Some tools are so useful that we'd really like to assume they are available everywhere. How can that happen though if we're not sure whether they are installed? To address this, compose.mk publishes several tool-wrappers that default to using a local executable if one is available, and falls back to a dockerized version of the tool otherwise. (In case you end up using dockerized tools, they are pulled just in time but cached afterwards.)

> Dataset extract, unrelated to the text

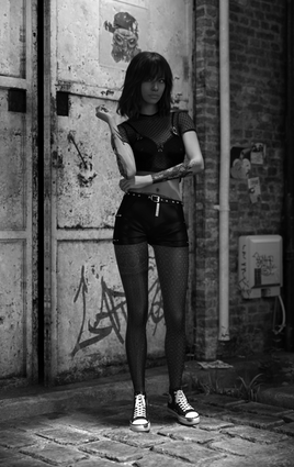 #3d #portrait #digitalart #abandoned #converse #conversesneakers #daz3d #dazstudio #dilapidated #iray #jacket #shirt #sneakers #streetart #tenement #liminalspace #genesis8female

A few examples of tools that compose.mk wraps in one way or another include:

  • jq, for querying JSON
  • jb, for constructing JSON
  • yq, for querying yaml and other stuff
  • charmbracelet/glow, for rendering markdown on console
  • charmbracelet/gum, for a variety of pretty text-formatting tricks
  • pygments, for syntax highlighting data or code
  • chafa, for rendering images on console
  • tmux and friends, for console geometry management (see also: embedded tui)
  • makeself for creating self-extracting archives (see also: packaging)

Proxy Wrappers

The first 3 tools jq, jb, and yq are the most generally useful. They all have extensive documentation elsewhere to cover what they do and how to use them, and mostly compose.mk tries to stay out the way.

For tools like these, compose.mk generally takes the approach of using it directly if possible, and then transparently falls back to docker if the tool is missing.. Calling them with compose.mk looks like this:

# Generate JSON with jb
$ ./compose.mk jb key=val

{"key":"val"}


# Generate JSON with jb (alternate)
$ echo key=val | ./compose.mk jb

{"key":"val"}


# Parse JSON with jq
$ ./compose.mk jb key=val | ./compose.mk jq .key

"val"


# Passing arguments to jq works, here is an unquoted result
$ ./compose.mk jb key=val | ./compose.mk jq -r .key

val


# Now try yaml input, with yq
$ echo "key: val" | ./compose.mk yq .key

val

The "wrapper" part is easy enough to see from the examples above, just wrapping familiar invocations with compose.mk. But what exactly is being "proxied" here? Well, the eagle-eyed reader will have noticed that it's kind of crazy that this actually works, because behind the scenes running ./compose.mk ... is roughly the same as make -f compose.mk ..., and so you'd expect that the tail part of the command line is arguments to make. And yet.. there is no make-target called .key.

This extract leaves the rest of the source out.